Wednesday, April 4, 2012

The Carbonells Post

The 36th Annual Carbonell Awards were held at the Broward Center for the Performing Arts on April 2, 2012.  You can find the list of winners here.

The two major theatre critics filed their stories immediately after the ceremony, and other stories continue to be published. We'll update this page as more stories appear.  And as always, we welcome comments. 

The Headlines

The Miami Herald notes that the Maltz Jupiter Theatre "dominated" by winning seven of the twenty awards, five of them for Crazy for You.
Voters went crazy for the Maltz Jupiter Theatre and its production of the dance-happy musical Crazy for You, giving the show five awards and the theater a total of seven when the 36th annual Carbonell Awards were handed out Monday at the Broward Center for the Performing Arts.
Florida Theater On Stage proclaimed that Palm Beach Theaters "dominated" by winning thirteen of the twenty awards.  He also noted how fierce the competition was.
One indication of the overall excellence throughout 2011 was that early last year, the Actors Playhouse production of August: Osage County was so impressive that many observers expected the family dysfunction drama would take every award it was nominated for. In fact, the Coral Gables production was shut out Monday.
Palm Beach ArtsPaper declared that Palm Beach theaters "triumphed" at the Awards.
Most of the best in South Florida’s professional theater last year happened in Palm Beach County.

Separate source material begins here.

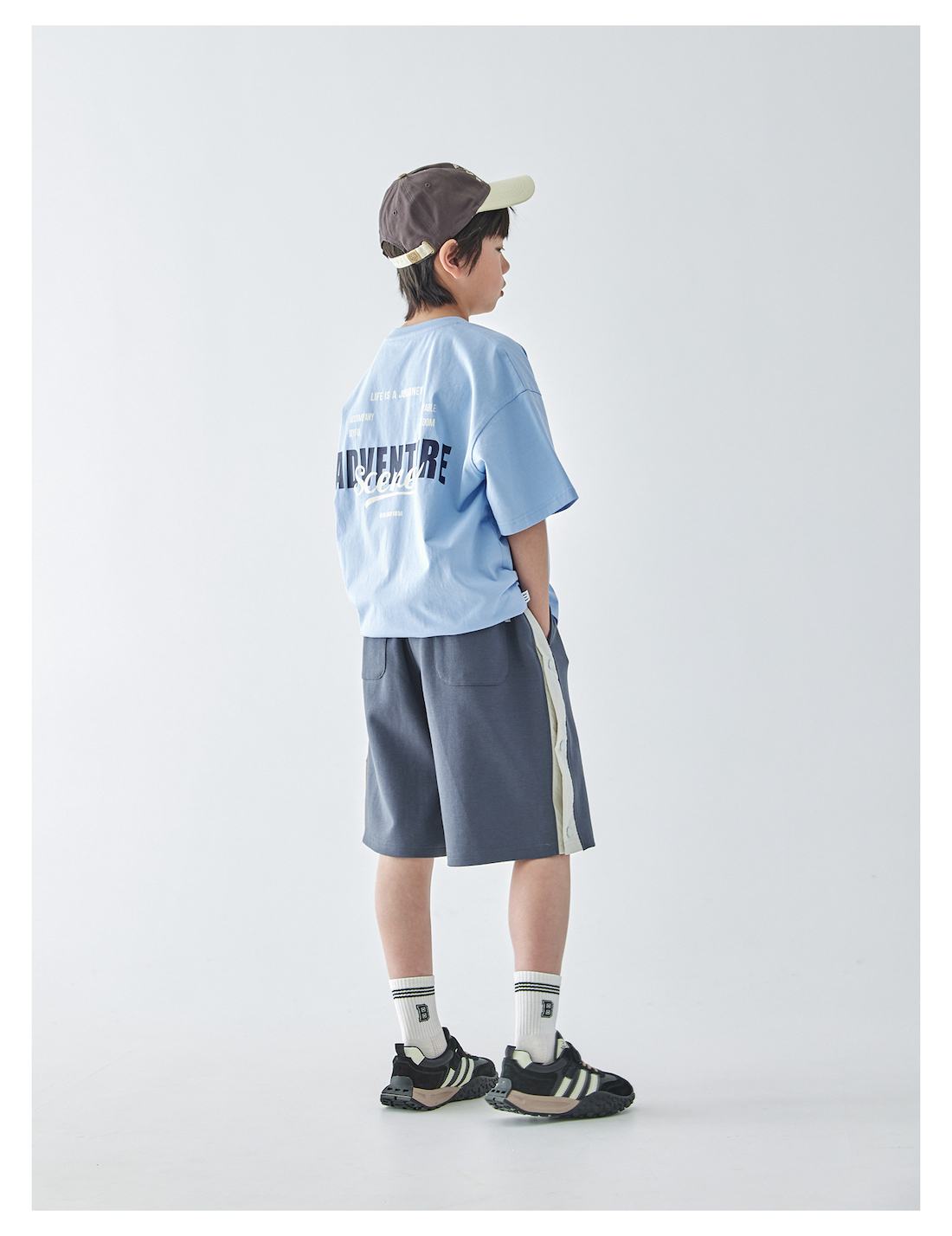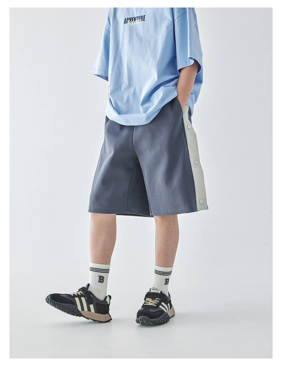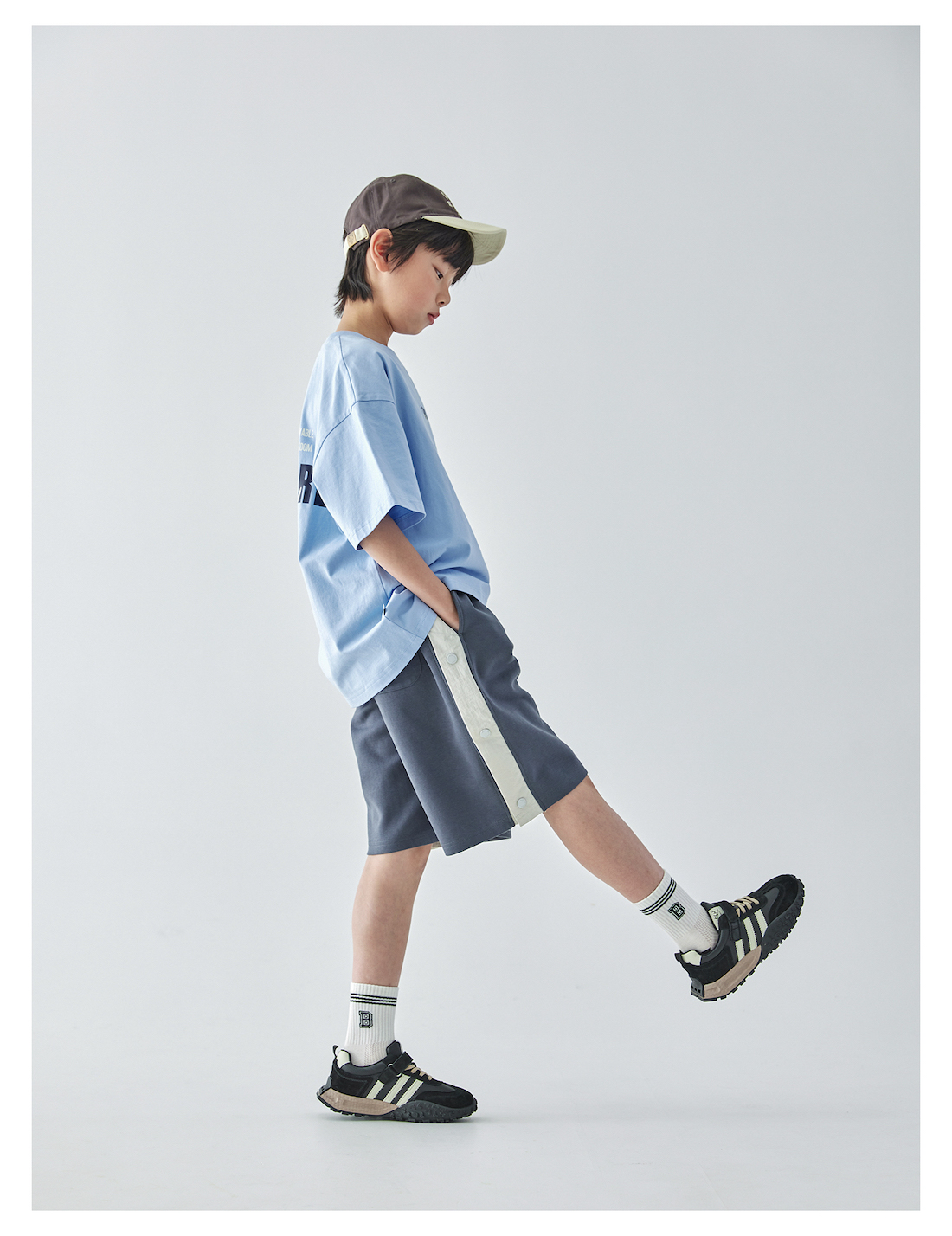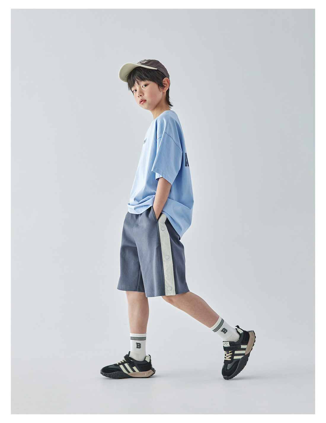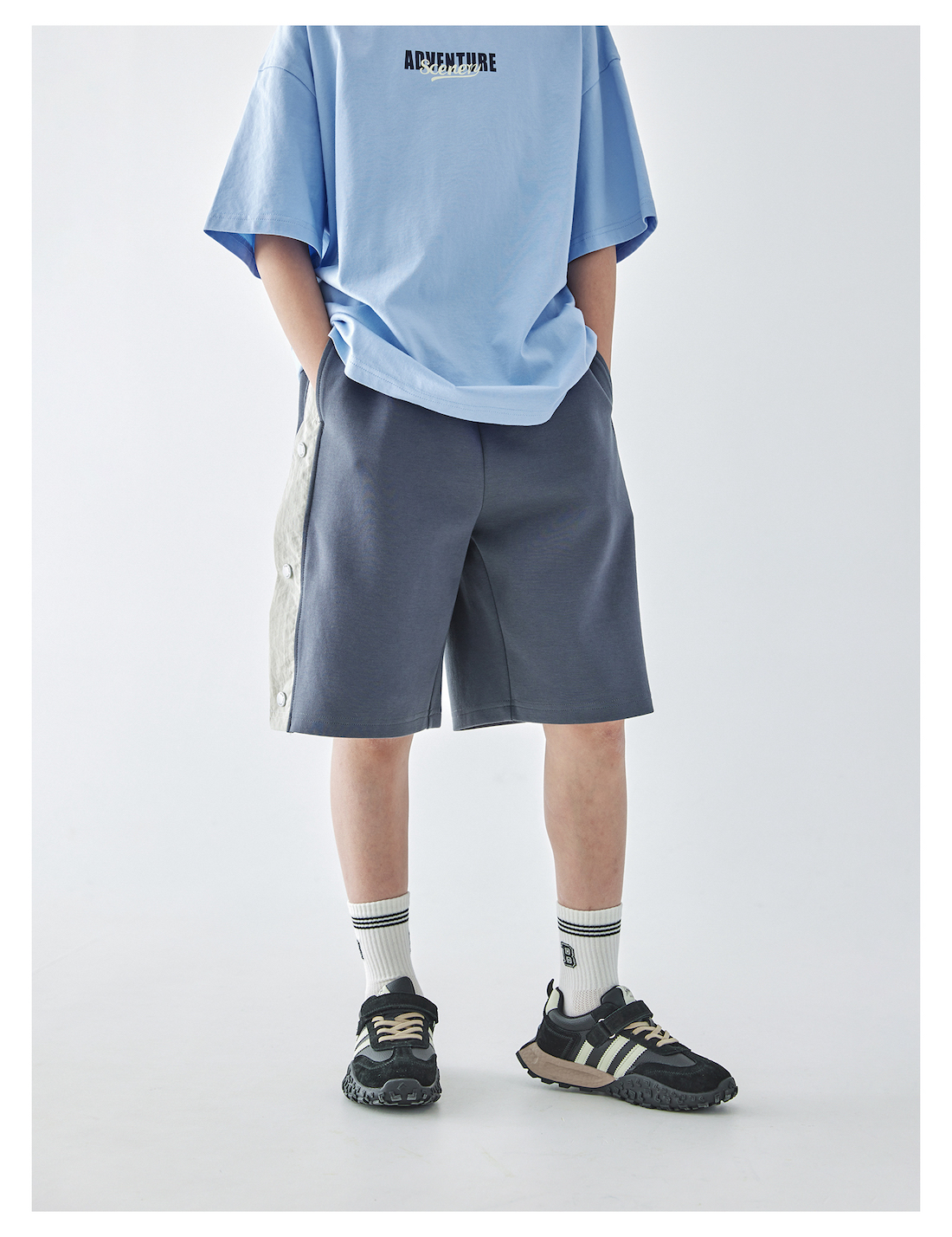【代发】男童撞色拼接五分裤 蓝汽水夏季亲子款慵懒风平纹肌理针织短裤深灰色

That is the impression left by the 36th annual Carbonell Awards for theater excellence in the region, presented Monday evening at the Broward Center for the Performing Arts in Fort Lauderdale.
The Shiny Sheet, which can barely haul itself off the island of Palm Beach, notes that Dramaworks "captured" three Carbonells, as if William Hayes and J. Barry Lewis had laid out a trap or something.  We guess you don't get much of the flavor of the event when you don't bother to attend.

Arts America  didn't use any adjectives in its headline, which we find refreshing.

Miami Artzine's subhead was "Hugs, Kisses, and a Smack Upside the Head."
A pleasure it was, too, watching the various awards presenters.   Glorying in their moments on stage, some were cool, just right thank you, some were hesitant when faced with words without the hyphens between the syllables, some were an endless stream of facts, figures and emotionless statements, birthing tiny Excel pages of boredom that scuttled across the stage on tiny Excel legs.  Others were beyond the pale as they descended into an embarrassment for all.  The joys and sorrows of  live theatre.
The most staid headline so far is from TheatreMania, which doesn't have a horse in the race.

On The Losses

We're not talking about the ones who didn't take home a golden egg - BTW, the wonderful bronze statuettes created by Manuel Carbonell have returned to the ceremony - but of the people and organizations that have fallen by the wayside in the last year.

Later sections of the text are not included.